• Instructions for the task
Only one stretch of the data should be retyped: the lines from the line containing "Le Collier Trilogie" through the line containing "Vcm Hebola Armoire". Keep pictures out of it.

• Data under study
----

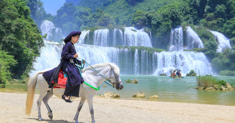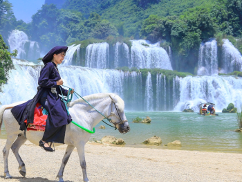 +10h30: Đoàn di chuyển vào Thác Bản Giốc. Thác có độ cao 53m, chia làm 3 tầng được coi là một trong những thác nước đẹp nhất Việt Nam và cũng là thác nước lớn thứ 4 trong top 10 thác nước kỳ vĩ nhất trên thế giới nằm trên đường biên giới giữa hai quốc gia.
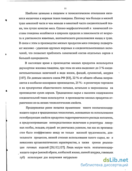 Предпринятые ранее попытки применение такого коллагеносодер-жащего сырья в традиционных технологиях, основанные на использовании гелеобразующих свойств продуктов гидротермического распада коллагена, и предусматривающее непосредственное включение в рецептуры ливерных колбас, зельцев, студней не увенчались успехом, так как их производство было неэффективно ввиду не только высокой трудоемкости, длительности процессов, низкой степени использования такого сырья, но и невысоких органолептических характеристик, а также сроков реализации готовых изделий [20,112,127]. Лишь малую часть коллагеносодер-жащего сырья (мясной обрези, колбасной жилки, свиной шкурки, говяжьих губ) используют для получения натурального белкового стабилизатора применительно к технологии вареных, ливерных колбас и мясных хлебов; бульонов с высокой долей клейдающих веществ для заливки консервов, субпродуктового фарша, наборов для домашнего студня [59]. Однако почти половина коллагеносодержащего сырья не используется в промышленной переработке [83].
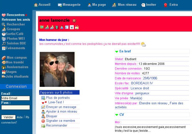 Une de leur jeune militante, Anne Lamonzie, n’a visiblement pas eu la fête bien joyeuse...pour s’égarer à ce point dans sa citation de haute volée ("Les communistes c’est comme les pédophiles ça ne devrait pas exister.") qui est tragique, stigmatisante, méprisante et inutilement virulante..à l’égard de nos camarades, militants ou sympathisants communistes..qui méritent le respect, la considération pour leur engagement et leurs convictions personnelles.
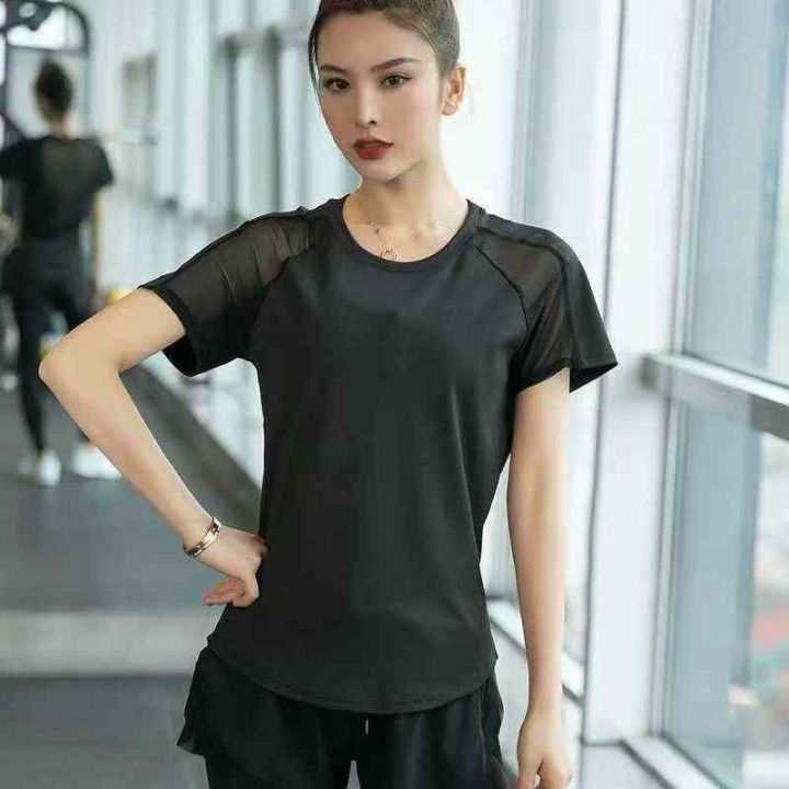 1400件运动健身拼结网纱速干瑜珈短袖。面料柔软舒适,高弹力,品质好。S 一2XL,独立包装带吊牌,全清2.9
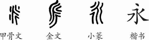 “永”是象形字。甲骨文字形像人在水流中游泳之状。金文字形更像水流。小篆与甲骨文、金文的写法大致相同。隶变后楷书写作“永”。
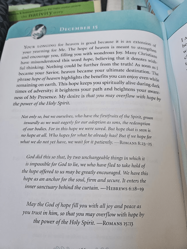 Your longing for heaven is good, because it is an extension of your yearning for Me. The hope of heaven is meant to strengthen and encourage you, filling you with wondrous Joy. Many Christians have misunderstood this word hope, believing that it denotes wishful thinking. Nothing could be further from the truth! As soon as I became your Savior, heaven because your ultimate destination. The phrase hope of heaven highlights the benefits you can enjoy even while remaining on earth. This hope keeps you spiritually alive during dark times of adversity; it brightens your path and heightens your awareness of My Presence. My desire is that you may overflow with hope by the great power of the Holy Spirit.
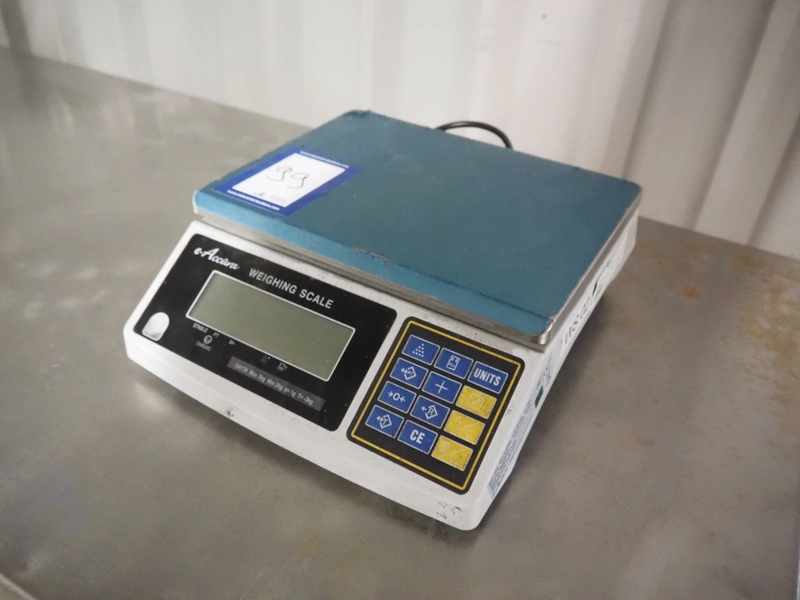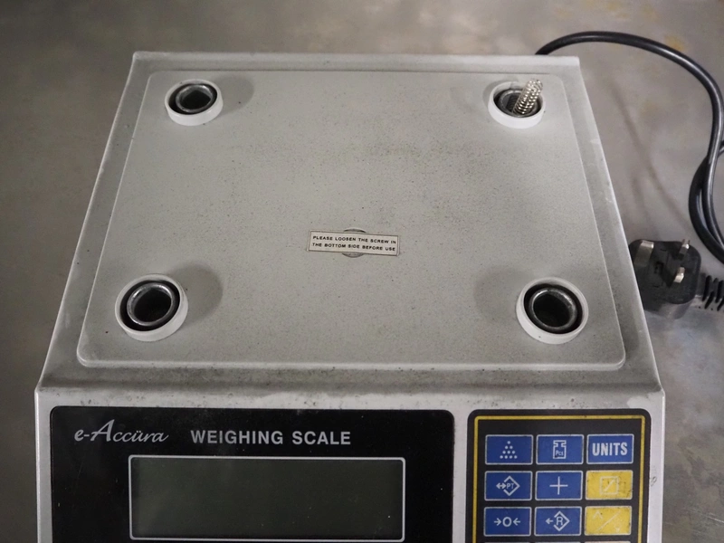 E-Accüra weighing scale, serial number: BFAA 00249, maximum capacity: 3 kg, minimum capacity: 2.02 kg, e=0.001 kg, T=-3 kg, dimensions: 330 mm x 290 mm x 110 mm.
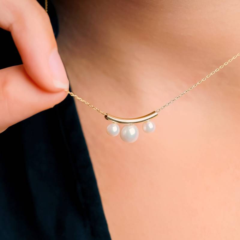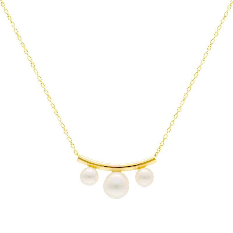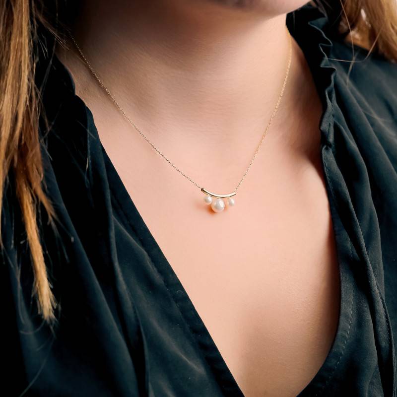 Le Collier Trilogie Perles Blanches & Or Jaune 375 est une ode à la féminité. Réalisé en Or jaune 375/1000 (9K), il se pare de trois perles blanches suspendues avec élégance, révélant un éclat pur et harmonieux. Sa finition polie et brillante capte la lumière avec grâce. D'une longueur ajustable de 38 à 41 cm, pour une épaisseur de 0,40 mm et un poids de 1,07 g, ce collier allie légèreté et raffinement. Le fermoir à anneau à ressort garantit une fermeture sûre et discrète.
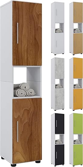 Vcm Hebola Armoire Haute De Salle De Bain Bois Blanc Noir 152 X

----

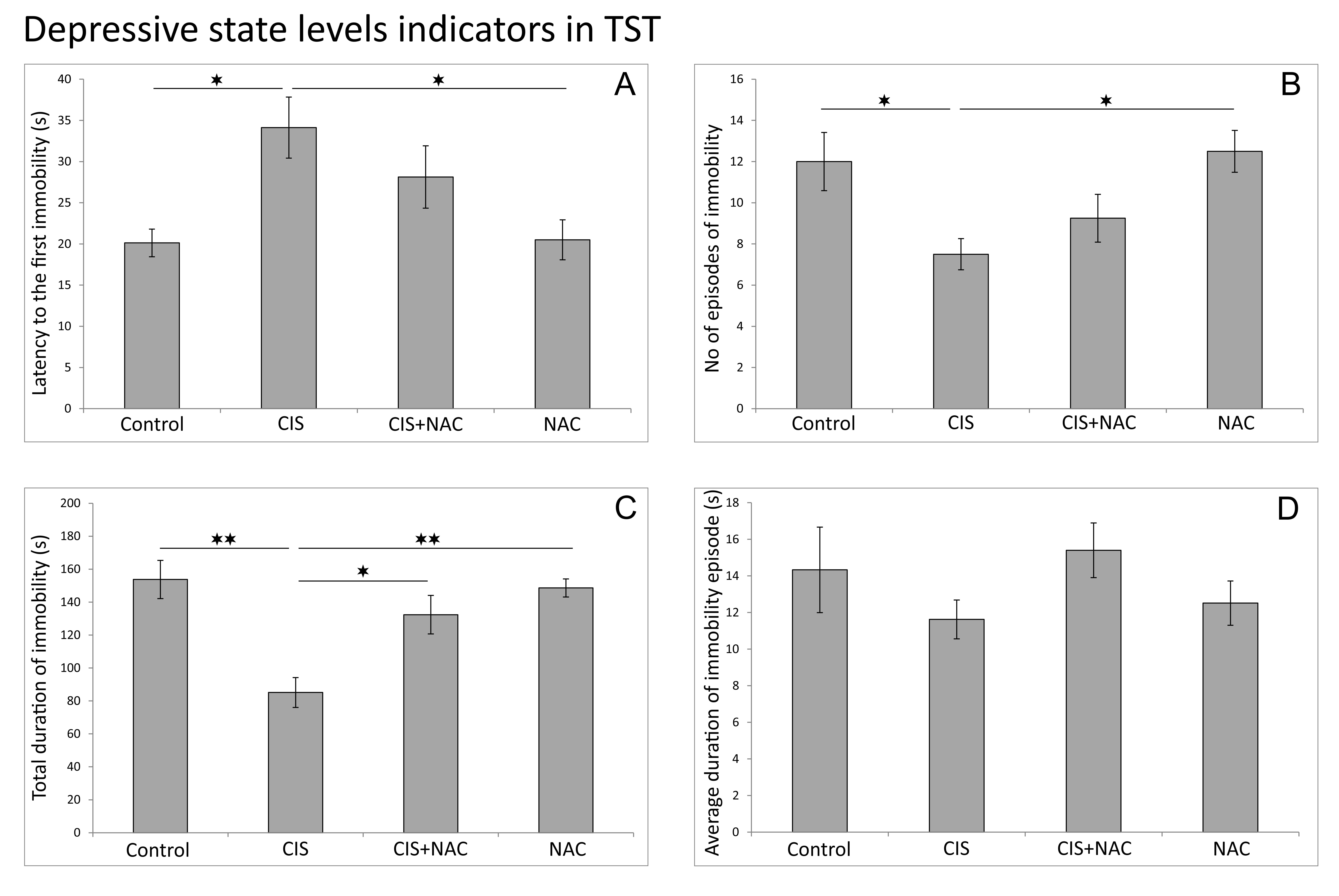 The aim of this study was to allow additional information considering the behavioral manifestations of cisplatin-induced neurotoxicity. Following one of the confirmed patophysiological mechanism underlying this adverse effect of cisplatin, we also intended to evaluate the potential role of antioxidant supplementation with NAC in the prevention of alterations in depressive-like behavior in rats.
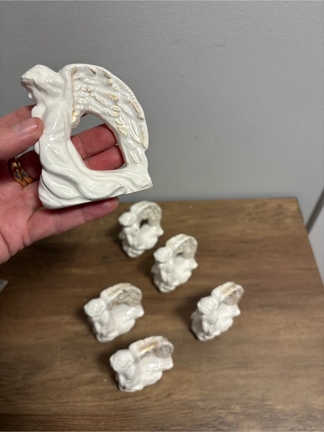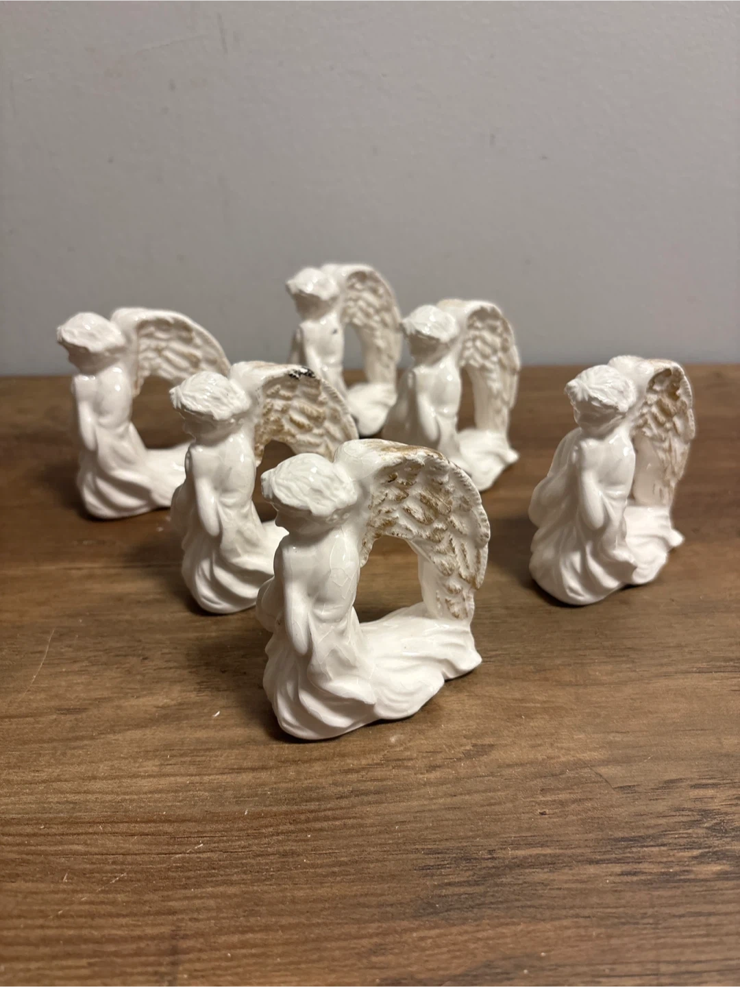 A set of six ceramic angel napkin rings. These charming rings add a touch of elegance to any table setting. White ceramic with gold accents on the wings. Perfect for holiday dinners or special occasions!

----

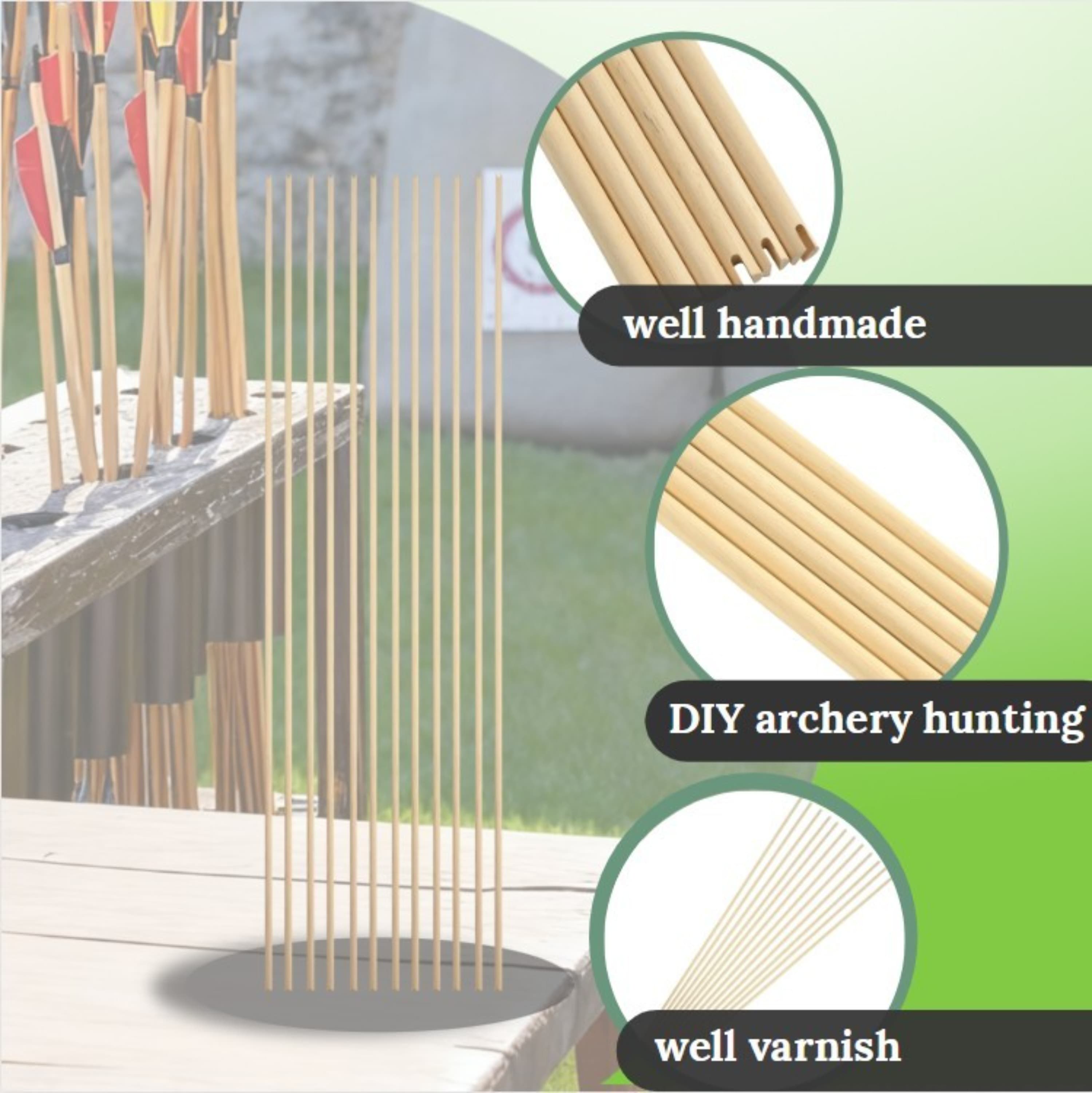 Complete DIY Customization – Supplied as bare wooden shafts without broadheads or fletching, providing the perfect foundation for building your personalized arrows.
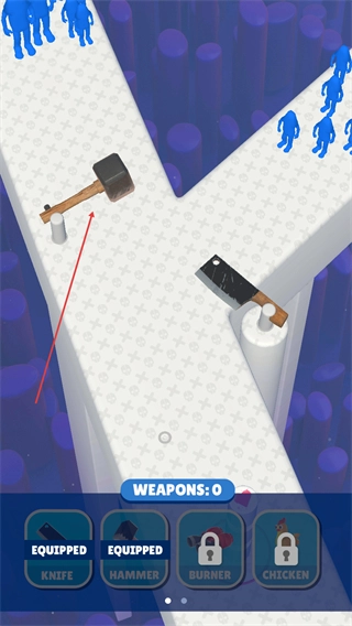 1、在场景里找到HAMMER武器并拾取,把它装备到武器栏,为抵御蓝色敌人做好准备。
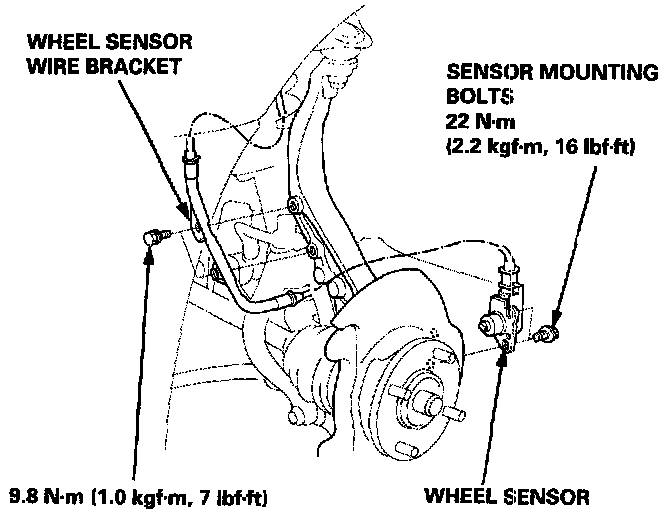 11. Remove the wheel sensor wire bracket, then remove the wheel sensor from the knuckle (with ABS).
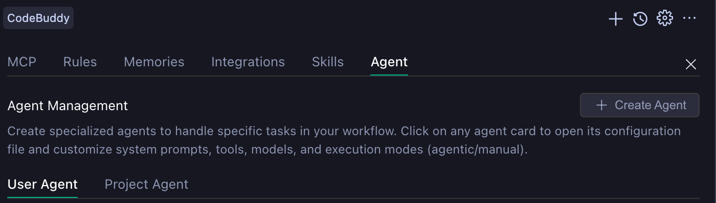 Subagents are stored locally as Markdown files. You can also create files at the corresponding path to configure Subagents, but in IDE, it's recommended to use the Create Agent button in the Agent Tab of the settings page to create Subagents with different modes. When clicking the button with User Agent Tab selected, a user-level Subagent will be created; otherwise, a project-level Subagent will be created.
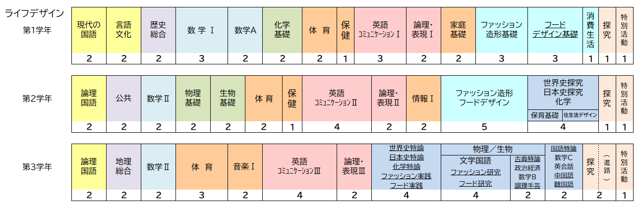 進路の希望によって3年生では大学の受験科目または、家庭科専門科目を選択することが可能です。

----

• Answer to this task
 Le Collier Trilogie Perles Blanches & Or Jaune 375 est une ode à la féminité. Réalisé en Or jaune 375/1000 (9K), il se pare de trois perles blanches suspendues avec élégance, révélant un éclat pur et harmonieux. Sa finition polie et brillante capte la lumière avec grâce. D'une longueur ajustable de 38 à 41 cm, pour une épaisseur de 0,40 mm et un poids de 1,07 g, ce collier allie légèreté et raffinement. Le fermoir à anneau à ressort garantit une fermeture sûre et discrète.
 Vcm Hebola Armoire Haute De Salle De Bain Bois Blanc Noir 152 X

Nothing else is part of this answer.